[英]Mutate and case when issue - dplyr
I have the following data and I was to make a new column using mutate which details when colour = 'g' then take the level on the g row minus the level figure on the 'r' row.我有以下数据,我将使用 mutate 创建一个新列,当 color = 'g' 时的详细信息然后取 g 行上的级别减去 'r' 行上的级别数字。
Then likewise with type.然后同样用类型。 Where type = 1 then take the corresponding level minus the level on the type 2 row.
其中 type = 1 然后取相应的级别减去类型 2 行上的级别。
library(dplyr)
d <- tibble(
date = c("2018", "2018", "2018", "2019", "2019", "2019", "2020", "2020", "2020", "2020"),
colour = c("none","g", "r", "none","g", "r", "none", "none", "none", "none"),
type = c("type1", "none", "none", "type2", "none", "none", "none", "none", "none", "none"),
level= c(78, 99, 45, 67, 87, 78, 89, 87, 67, 76))
Just to be clear this is what I want the data to look like.需要明确的是,这就是我希望数据的样子。
So the data should look like this:所以数据应该是这样的:
d2 <- tibble(
date = c("2018", "2018", "2018", "2019", "2019", "2019", "2020", "2020", "2020", "2020"),
colour = c("none","g", "r", "none","g", "r", "none", "none", "none", "none"),
type = c("type1", "none", "none", "type2", "none", "none", "none", "none", "none", "none"),
level= c(78, 99, 45, 67, 87, 78, 89, 87, 67, 76),
color_gap = c("NULL", 44, "NULL", "NULL", 9, "NULL", "NULL", "NULL", "NULL", "NULL"),
type_gap = c(11, "NULL", "NULL", "NULL", "NULL", "NULL", "NULL", "NULL", "NULL", "NULL"))

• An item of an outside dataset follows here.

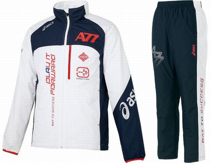 アシックスの新たなデザインブランド「A77」シリーズのNEWモデルの裏起毛のウィンドブレーカー&パンツ上下セットです。
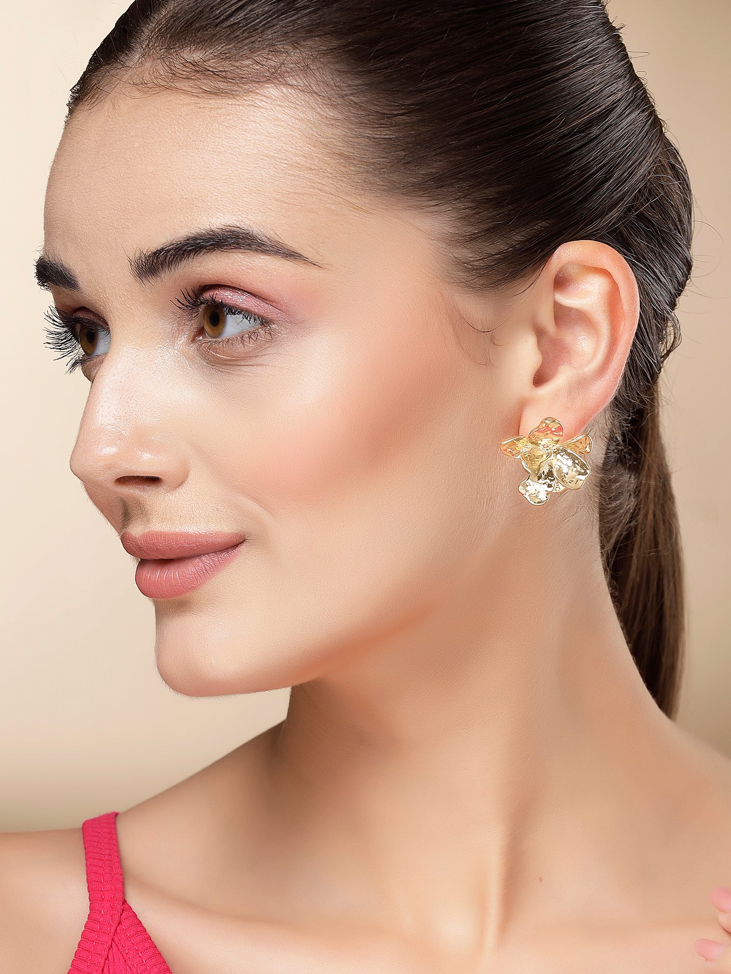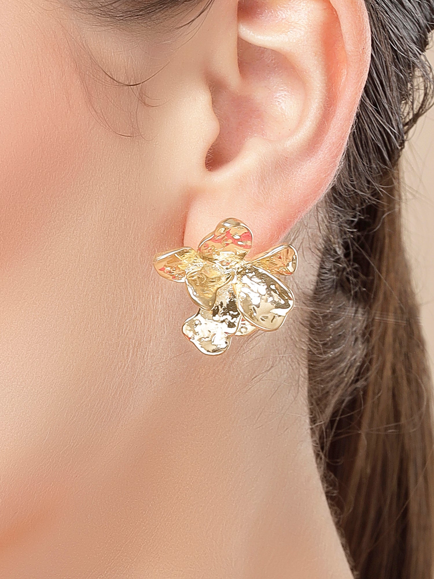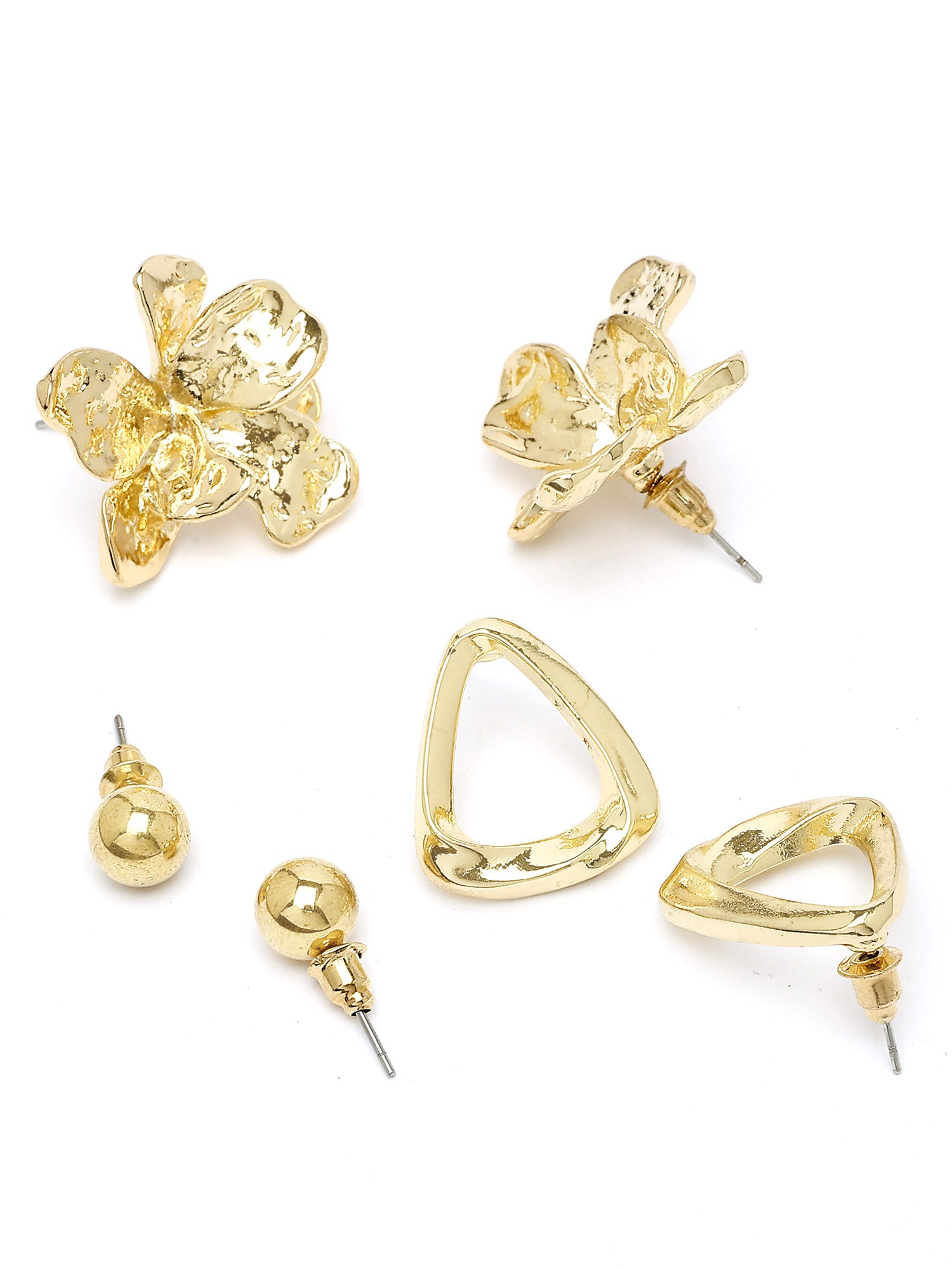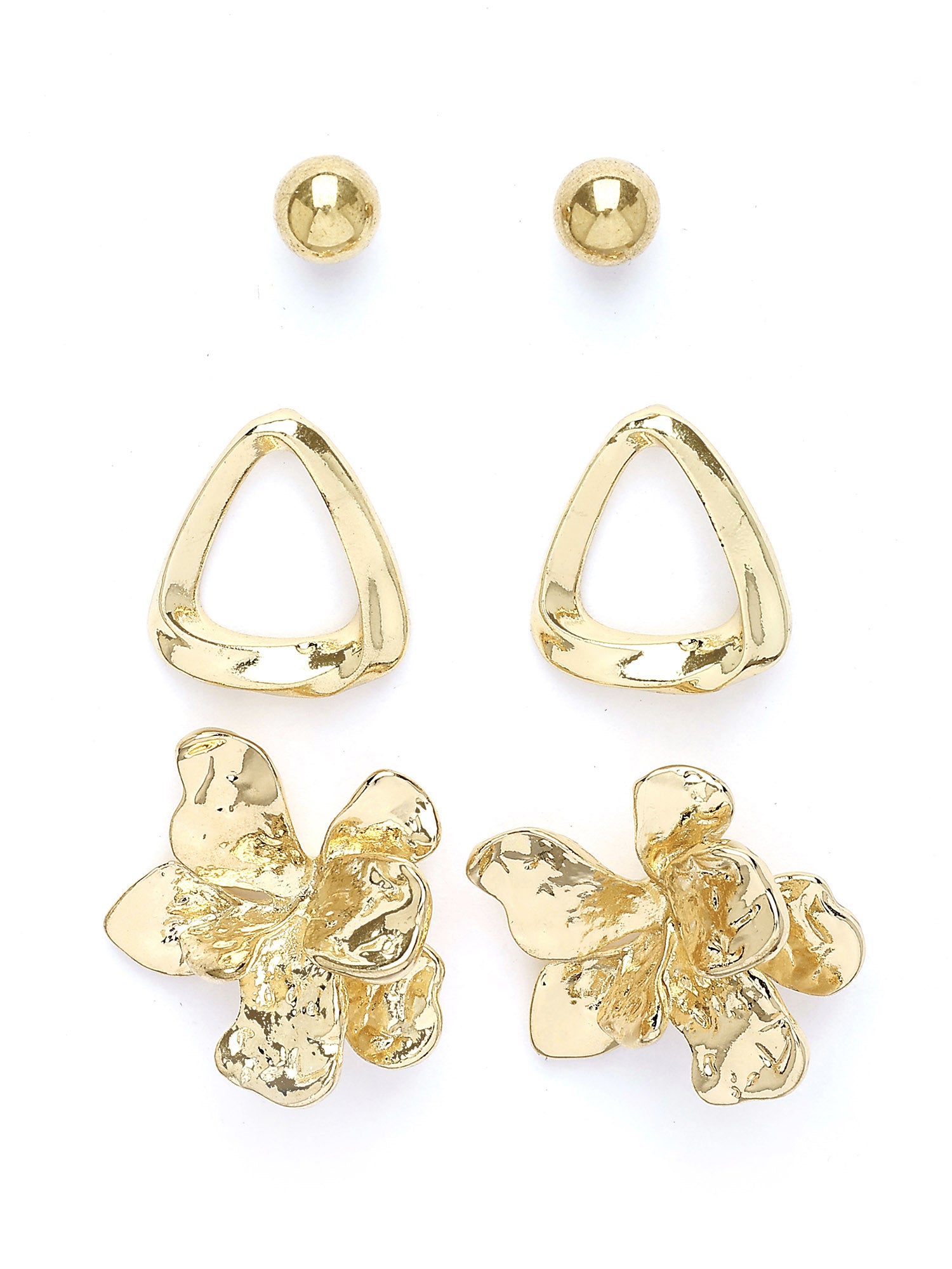 Bohey by KARATCART Set of 3 Gold Plated Floral Stud Earrings for Women

I started to use mutate and case when and got to the below.我开始使用 mutate 和 case when 并到达下面。 However, I'm stuck on the final calculation part.
但是,我被困在最后的计算部分。 How do I say I want to take the color g level - the color r level?
怎么说我要拿色g级——色级r?
d %>%
mutate(color_gap = case_when(color == "g" ~ level)%>%
mutate(type_gap = case_when(type== "type1" ~ level)%>%
) -> d2
Anyone know how to complete this?有谁知道如何完成这个?
Thanks谢谢
This subtracts the first r level from the first g level, second r level from second g level, etc. Same for type1 and type2.这从第一个 g 级别中减去第一个 r 级别,从第二个 g 级别中减去第二个 r 级别,等等。对于 type1 和 type2 相同。 This has no checks at all.
这根本没有检查。 It doesn't check whether there is a matching r for each g, whether they are in the expected order, whether they are in the same date-group, etc. It assumes the data is already perfectly formatted as expected, so be careful using this on real data.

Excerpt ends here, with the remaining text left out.